Horvath goes on to criticize the
conventional portrait of the scientific method as progressing in
discrete, cumulative steps. “In reality, science progresses in
subtle degrees, half-truths and chance. An article that is 100
percent valid has never been published. While direct replication may
be a myth, there may be information or bits of data that are useful
among the noise.” Once again, I find these arguments
non-sequiturs. The orthodox portrayal of the scientific method has
been criticized by countless philosophers of science. However, this
issue is completely disconnected from that of non-reproducible
research. If we were to bless the half-baked publication of results,
as Horvath seems to do, we would also give blessing to the kind of
work discussed by Glenn Begley. Begley once cornered an oncologist
whose work he (Begley) could not reproduce.

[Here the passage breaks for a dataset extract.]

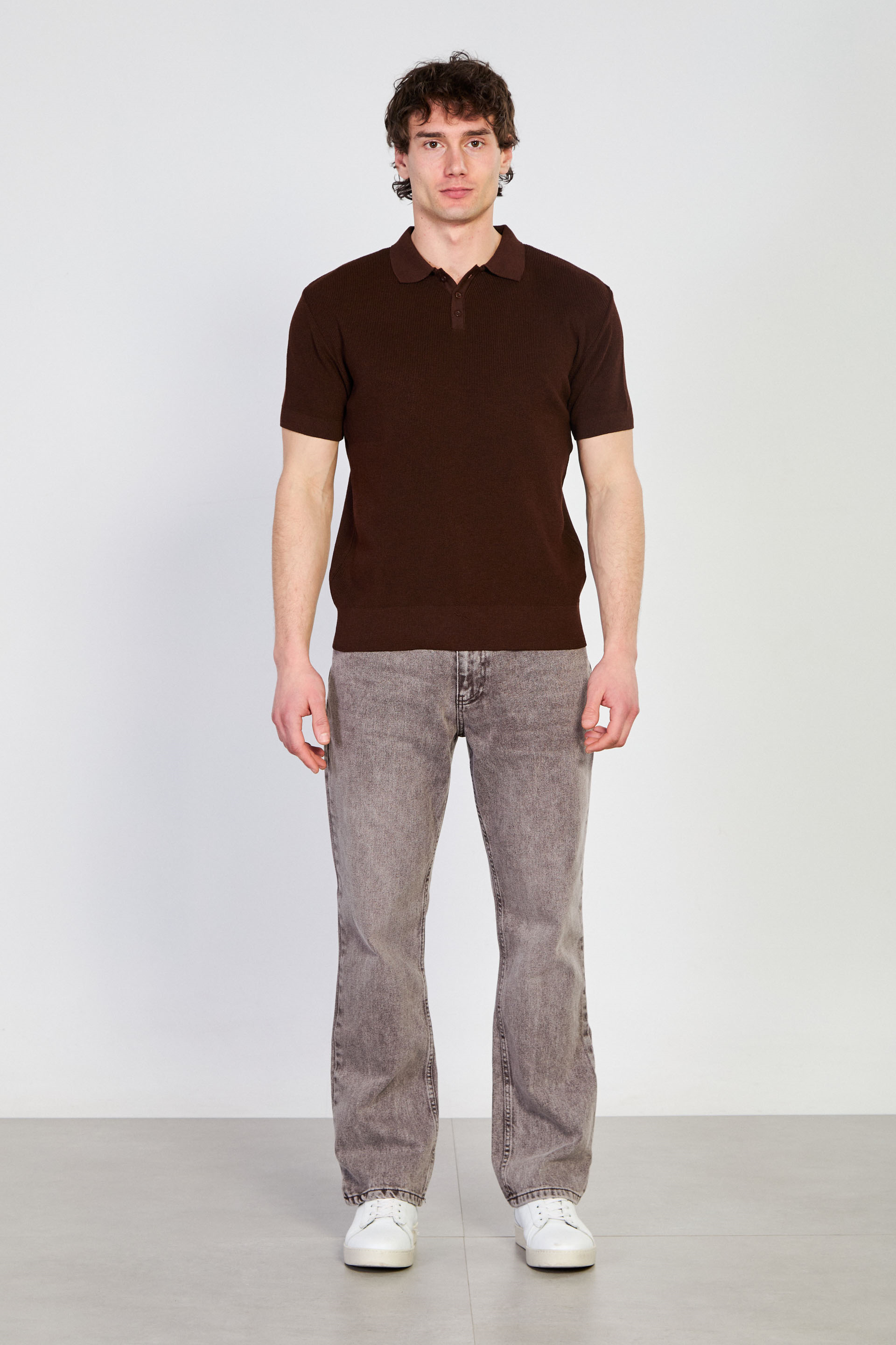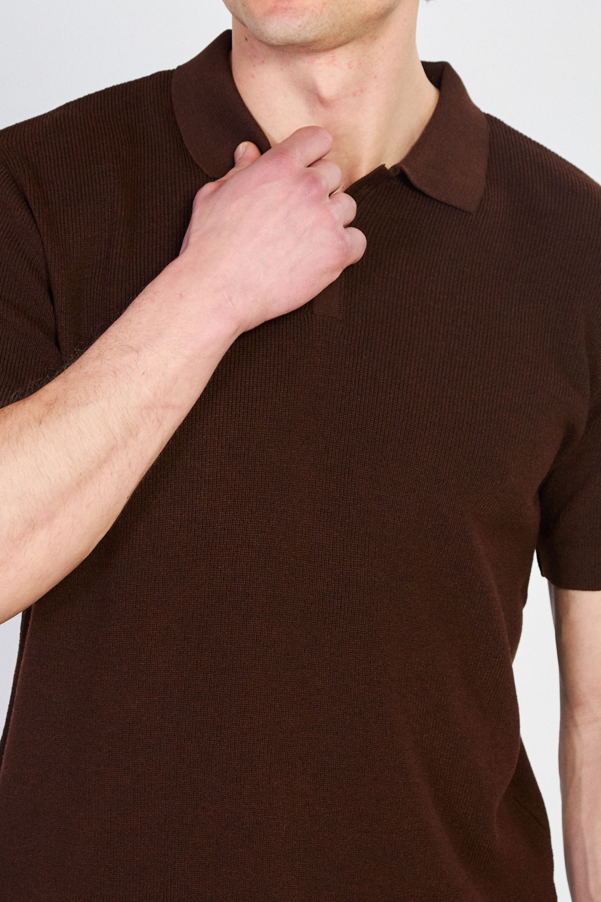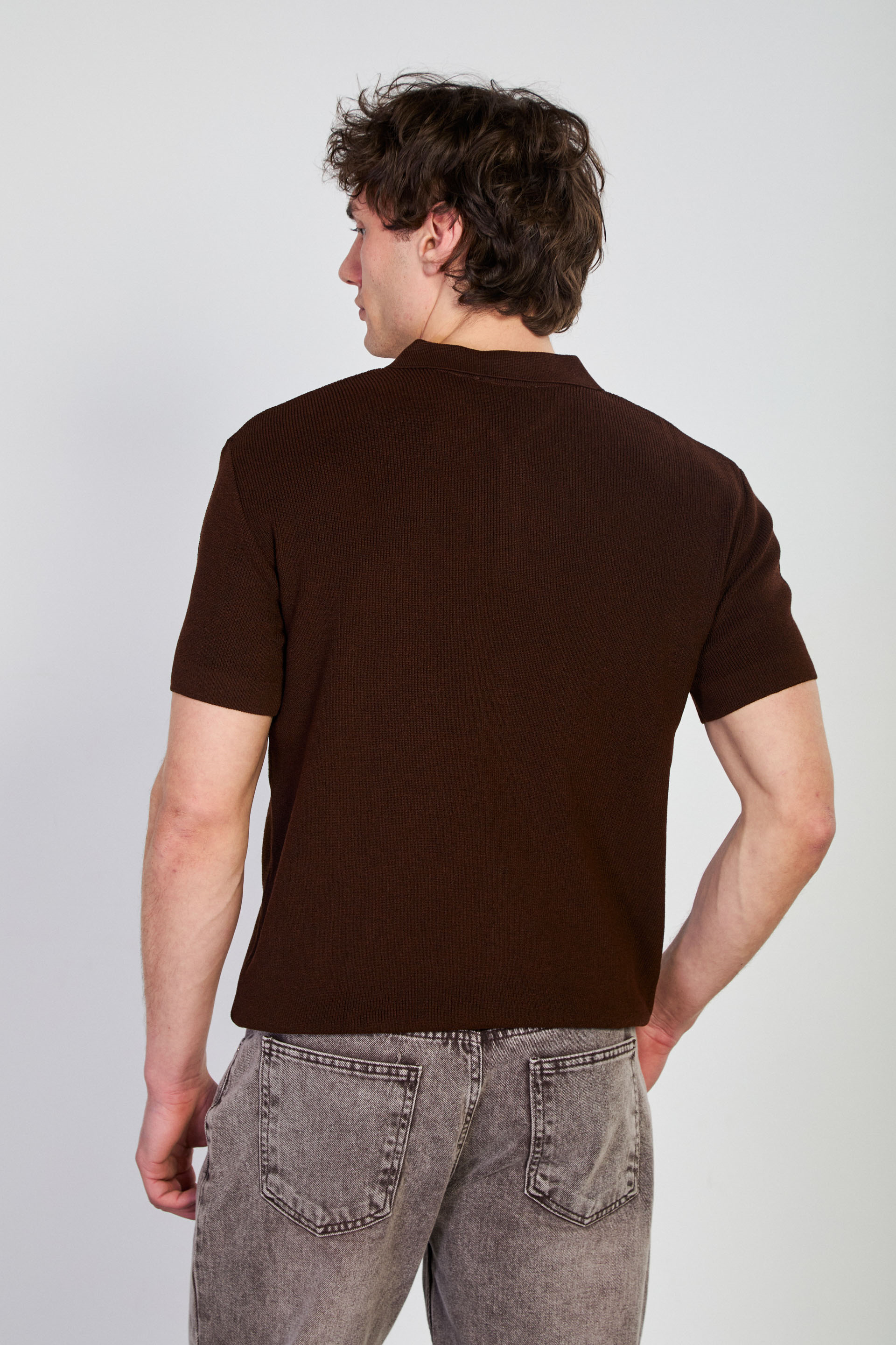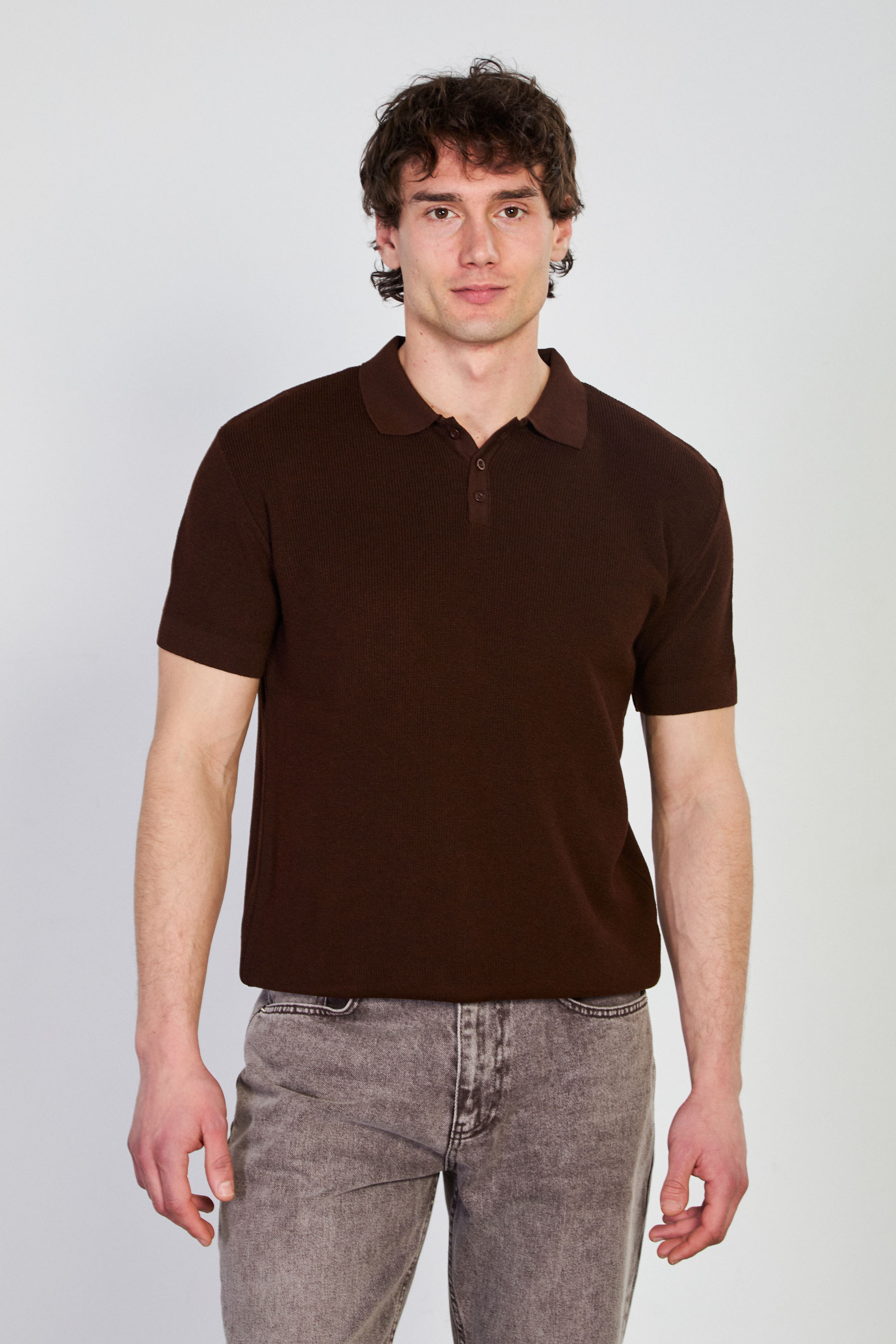 Erkek Düğmeli Polo Yaka Triko T-Shirt - Kahve

Upon questioning, the
oncologist admitted, “We did this experiment a dozen times, got
this answer once, and that's the one we decided to publish”
(Couzin-Frankel, 2013).
Horvath goes on to celebrate what we
can learn from failure, and that “with enough time all
scientific wells run dry.” Learning from failure is certainly a
good thing, as discussed by Couzin-Frankel (2013). However, the
right way to do that is to learn from failures resulting from well
designed, conducted, and reported studies, not from the garbage that
the Economist article was addressing. In the latter case, I believe
“garbage in, garbage out” is the lesson. Horvath seems to be
arguing that “garbage in, gospel out” (the ironic motto of this
blog)!
Do all scientific wells run dry? I
think not. The classical mechanics of Galileo and Newton still
provides the framework for the study of classical fluid dynamics, a
lively discipline that thrives to this day. The concepts of
Darwinian evolution continue to influence how we fight infectious
disease, for instance, by updating the influenza vaccine on an annual
basis.
I'm all for disclosing the messy nature
of scientific progress, learning from failure (and publishing the
results), and so on. However, all of these things can only be done
when critical thinking (including statistical thinking) are
constantly at work throughout the process. We should all be seeking
to make research reproducible not by “massaging data” but by
thinking critically, using good study design and execution, employing sound data
collection, and providing full disclosure of methods and results. It seems to
me that Horvath has not really understood the reasons for
non-reproducible research that have been put forward by Ioannidis (2005)
and others.
I hate to end the year on a sour note,
but this is likely to be my last post for 2013. Nonetheless the raw
material for this blog is considerable, and hopefully I will have
more to post in the new year. Thanks for reading!
References
Jennifer Couzin-Frankel, 2013: The power of negative thinking. Science, 342: 68-69.
John P.A. Ioannidis, 2005: Why most published research findings are false. PLoS Medicine, 2 (8), e124: 696-701.